Is the problem echo chambers or believing misinformation (when certain people want you to believe something else)? The way this article in the Huffington Post is written, it suggests that conservatives get stuck in these echo chambers – particularly for an issue like climate change – and don’t have a chance to engage with the real information. Something then needs to be done to break into or out of these echo chambers. Once people are exposed to ideas beyond the cluster of people like them, they will then find the truth. But, it may not work exactly this way:

  1. What if people actually are exposed to a range of information and still believe certain things? Exposure to a range of ideas is not necessarily a guarantee that people will believe the right things.
  2. How does the echo chamber participation on the conservative side compare with the echo chamber influence on the liberal side? The research study found echo chambers on both sides – the conspiracy and the science sides. Humans tend more toward people like them, a phenomenon called homophily, as found in numerous network studies. Are we worried generally that people might be too influenced by echo chambers (and not figuring out things for themselves) or are more worried that people have the correct ideas? Depending on one’s perspective on a particular issue, echo chambers could be positive or negative influences.

Pseudo equation/PR attempt to label the most depressing day of the year

Yesterday may have just been the most depressing day of the year if you believe one argument:

The idea of Blue Monday dates back to a 2005 campaign by Sky Travel. The company wanted to encourage people to take January vacations, so they reached out to Arnall, who developed his equation to find the most depressing day of the year.

Media, the public, and even other companies latched onto the idea. A U.K. group started a website dedicated to “beating Blue Monday.” Another group, bluemonday.org, encourages acts of kindness on the date.

Scientists, however, say there is no evidence that Blue Monday causes any more sadness than other specific days of the year.

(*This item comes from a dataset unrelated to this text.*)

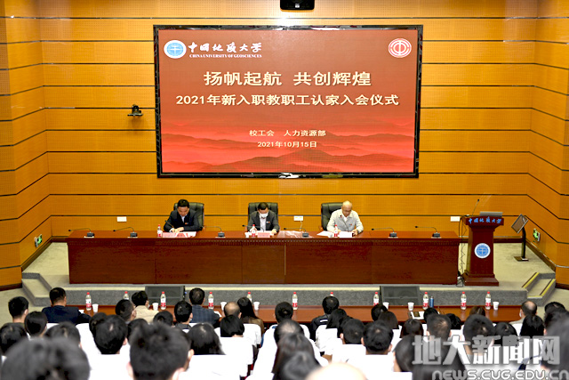 地大新闻网讯(通讯员李梦琳 摄影戴薇 张光裕)10月15日,扬帆起航、共创辉煌——2021年新入职教职工“认家”入会仪式在南望山校区东区教学综合楼A0113会议室举行。校党委副书记、工会主席王林清,副校长刘勇胜,2021年新入职教职工、相关单位负责人、十八届工会委员会委员、各分工会主席及教职工代表参加仪式。仪式由校工会常务副主席喻芒清主持。
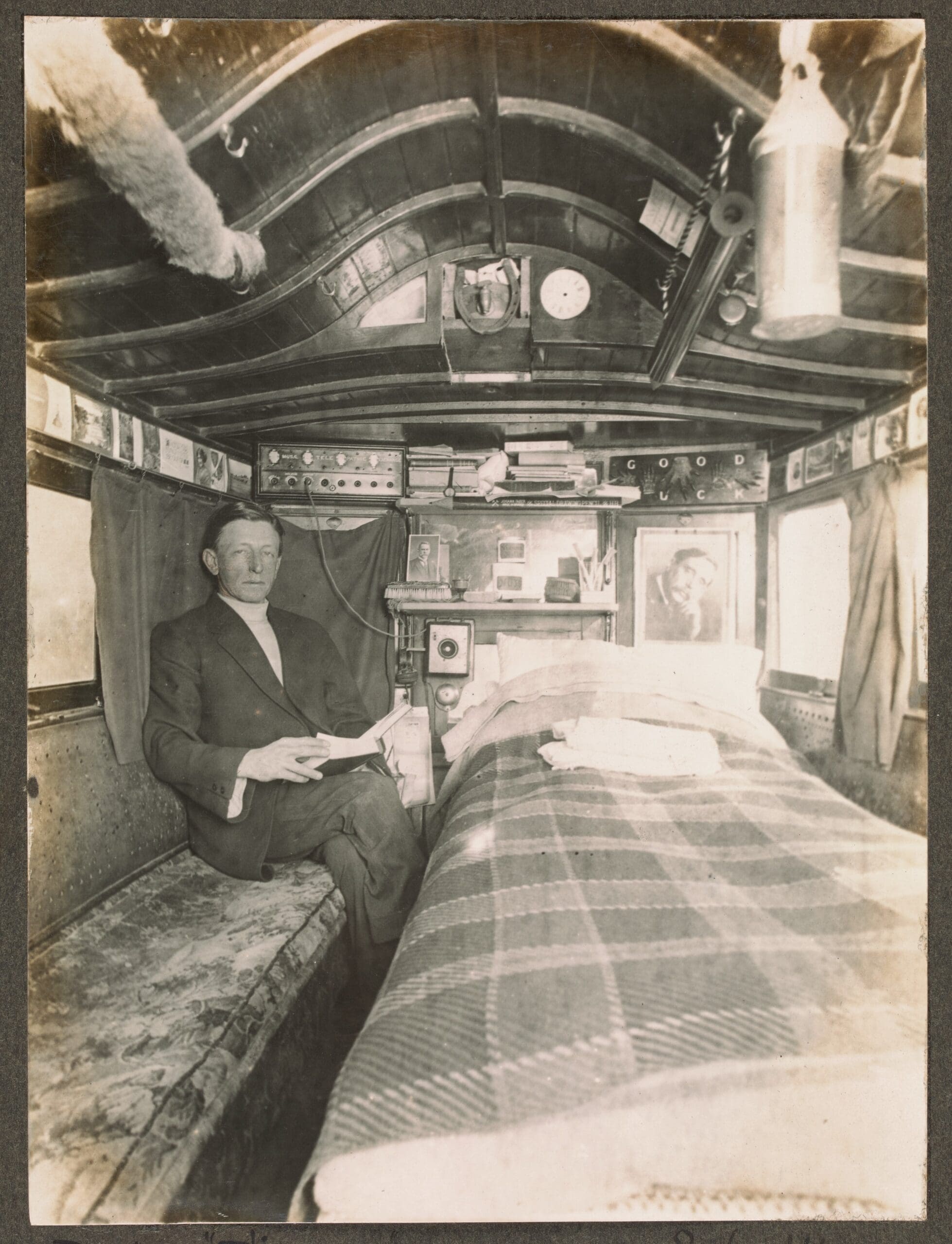 John Garibaldi Roberts, a wealthy tramways manager, opened his Kallista property Sunnyside, not far downhill from here, to visitors between 1910 and 1930. Roberts was an avid advocate for artists, intellectuals, writers and musicians. He encouraged creatives and intellectuals to stay at his property, often as a travel pit stop or as a place to reside for extended periods of time. During one stay at Sunnyside, C. J. Dennis, well-known Australian author, produced The Songs of a Sentimental Bloke (1915), now an Australian classic. Sunnyside hosted many other well-known creatives such as caricaturist David Low, etcher John Shirlow, watercolourist Alick McClintock, sculptor Web Gilbert, artist Hal Gye, author Robert Henderson Croll and painter Tom Roberts. When his property was at full capacity, artists would stay in converted omnibuses floating around the property.

Burnett has been outspoken on the topic, publishing multiple blogs in The Guardian dedicated to dispelling the myth…

Burnett blames slow January news cycles, general post-holidays discontent, and “confirmation bias” for the term’s endurance.

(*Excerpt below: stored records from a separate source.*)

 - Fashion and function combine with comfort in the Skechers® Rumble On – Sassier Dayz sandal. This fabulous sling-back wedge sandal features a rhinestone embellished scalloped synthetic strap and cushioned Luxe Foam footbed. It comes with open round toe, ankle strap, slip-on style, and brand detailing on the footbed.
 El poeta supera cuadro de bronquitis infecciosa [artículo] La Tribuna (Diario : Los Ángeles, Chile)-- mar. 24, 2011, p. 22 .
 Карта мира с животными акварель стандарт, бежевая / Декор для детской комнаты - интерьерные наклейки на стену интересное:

“(People) feel down at this time of year, and the Blue Monday claim makes it seem like there are scientific reasons for this,” Burnett said in an email exchange. “It also breaks down a very complex issue into something easily quantifiable and simple, and that tends to please a lot of people, giving the impression that the world is predictable and measurable.”

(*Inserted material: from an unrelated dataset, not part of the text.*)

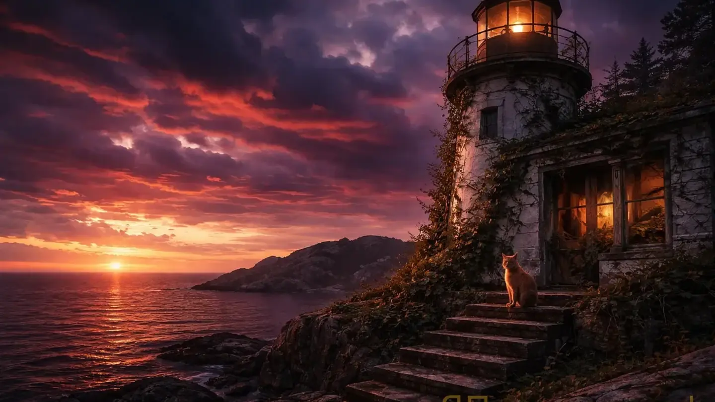 За окном маяка кричали чайки. Солнце садилось, окрашивая море в багровый цвет.
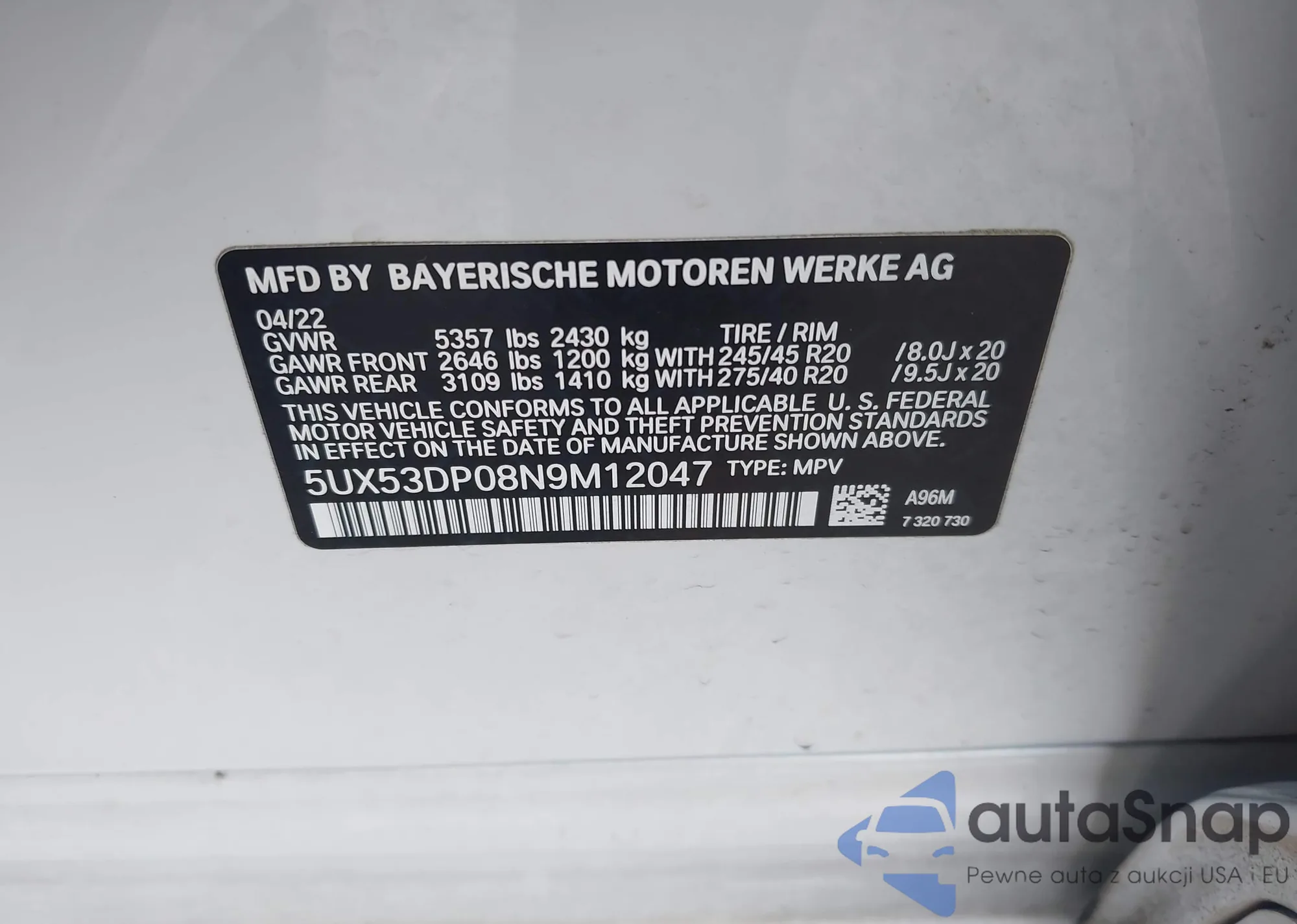 LOT: 42168388 VIN: SAJWA0E78D8S65741

And what is this equation?

http://www.foxnews.com/us/2015/01/19/today-is-saddest-day-year-and-there-blue-monday-equation-that-explains-why/?intcmp=latestnews

This is almost brilliant: come up with an equation (everyone knows equations make things more scientific and true), put it out there in January (dark and cold already), and the media eats it up (every morning show host ever hates Mondays). And the scientific data? Lacking.

That said, it would be intriguing to more into mass societal emotions around different times of the year. Is Christmas an excuse for many just to be happy for a month between Thanksgiving and the end of the year? I remember seeing a suggestion from someone that we should move Christmas later, perhaps to the middle of January, so we can enjoy the Thanksgiving high a bit longer before being pressed into another holiday. Or, what about those arguments that we need a national holiday the day after the Super Bowl? Given the amount of interaction people today have with the mass media (something like eleven hours of media consumption a day on average), couldn’t publicly displayed emotions have some effect on how we feel? Perhaps this has little or no effect compared to the effect of the emotions from the people nearby on us in our social networks.